The first scene from
Coram Boy was filmed by
Stagework whilst in rehearsal. This is
a complex scene and at that time it ran for just over eight minutes. However, by the time it reached the Olivier stage it had been
cut by almost half . One of the main cuts was the decision to omit the sequence in which the women, following their maddened frenzy at the deaths of their infants, took their now magically resurrected babies to the rear of the stage where they ascended heavenwards whilst their joyful mothers sang the chorus ‘O death, where is thy sting’ from Handel’s
Messiah. Melly Still subsequently removed this powerful moment of staging precisely because she thought it was too powerful; or at least too strong for this relatively early stage in the development of the story. It seemed overly optimistic, and perhaps too difficult an act to follow.
Another significant change from rehearsal to performance occurred when Melly Still decided to have Otis Gardiner rather than his son Meshak physically force the still-breathing baby (Mercy) into its shallow grave. In the film of rehearsal, Meshak is seen doing this and the act makes him retch, but on further reflection Melly decided that it would appear simply too much for Meshak to comply with his father at this terrible moment, not least because in the second half of the play he displays compassion by saving a baby (Melissa’s) from certain death.

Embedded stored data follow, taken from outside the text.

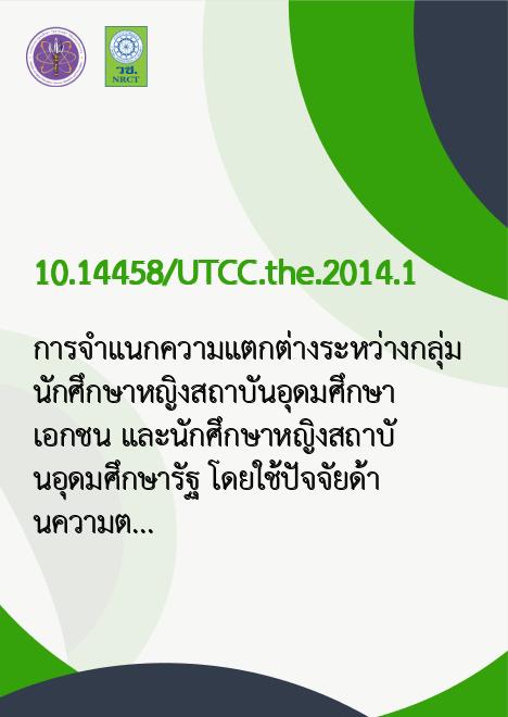 Title การจำแนกความแตกต่างระหว่างกลุ่ม นักศึกษาหญิงสถาบันอุดมศึกษาเอกชน และนักศึกษาหญิงสถาบันอุดมศึกษารัฐ โดยใช้ปัจจัยด้านความต้องการต่อส่วนประสมทางการตลาด 7P's เมื่อซื้อเสื้อนักศึกษาหญิง กรณีศึกษาในเขตกรุงเทพมหานคร
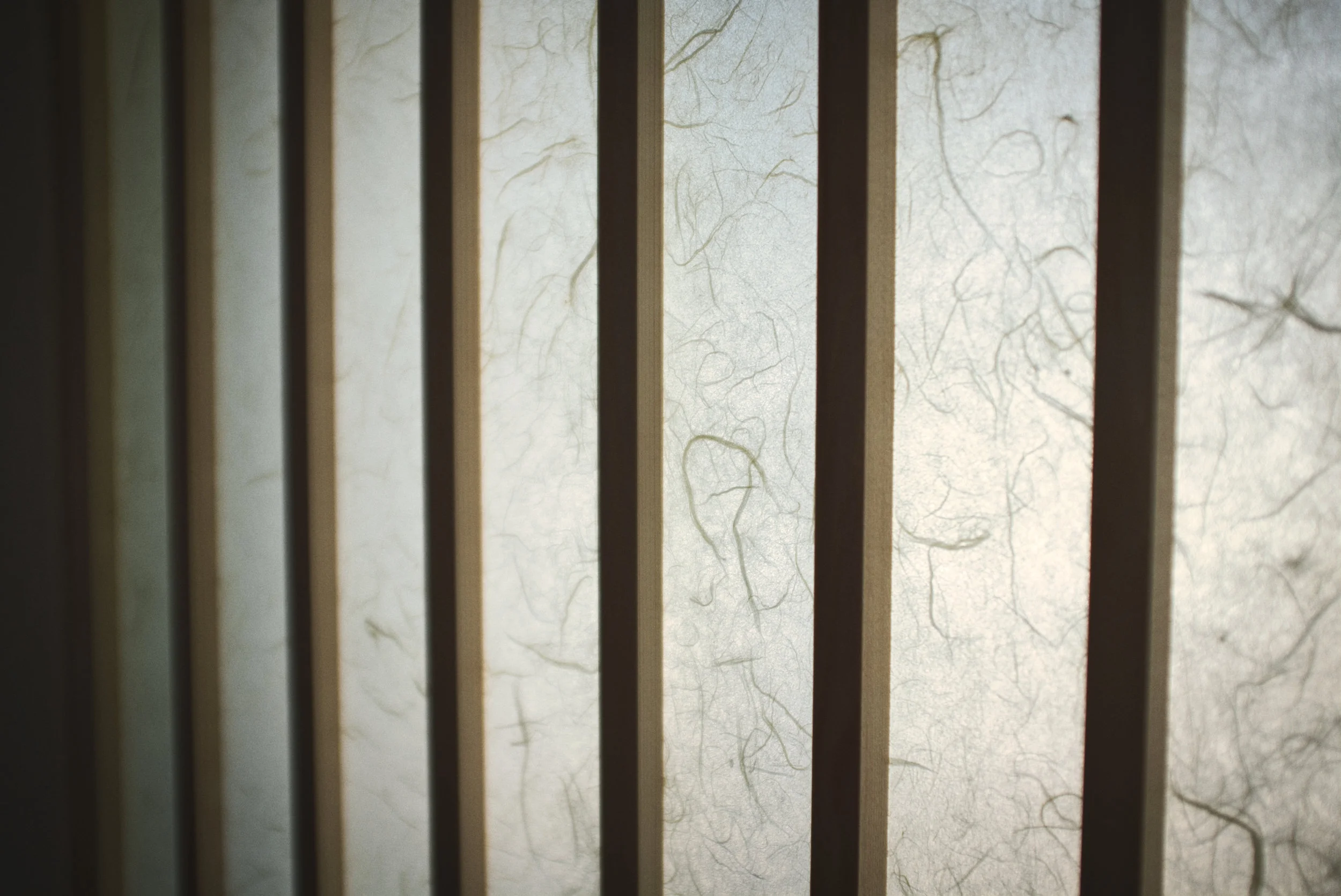 Sliding shoji doors backed by natural indigo chambray cloth.
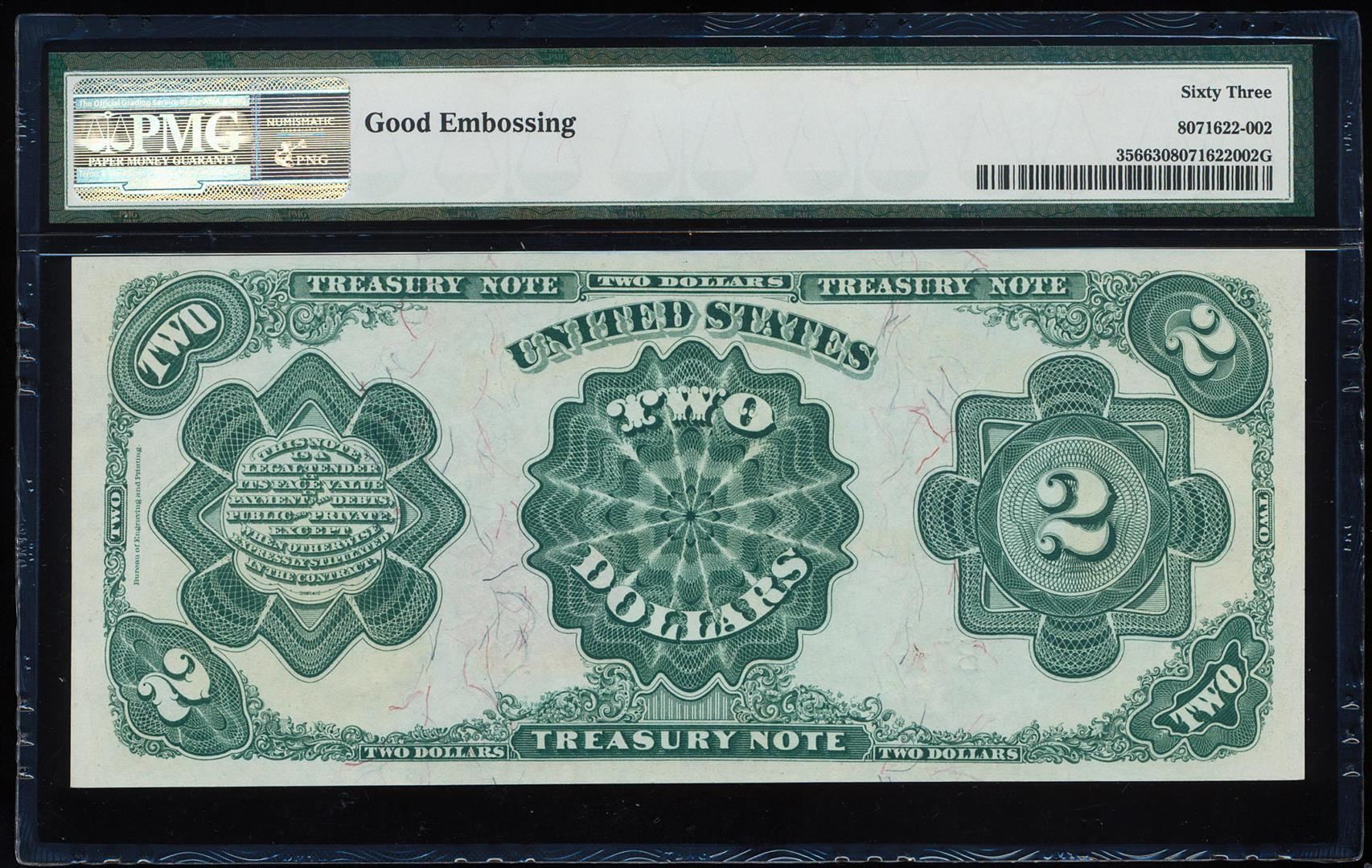 1891 $2 Treasury Note Fr.356 PMG Choice Uncirculated 63 Serial Number 7

The second filmed scene comes from the second half of the play and is truly
spectacular . The audience watch as a giant sheet of plastic descends from the flies whilst, almost simultaneously, two of the characters (Aaron and Thomas) are flown in on long lines and appear, together with Meshak, to be swimming for their lives in the river Thames. This episode is
radically altered from what happens in the novel: in the play it is Meshak who drowns and Thomas who lives.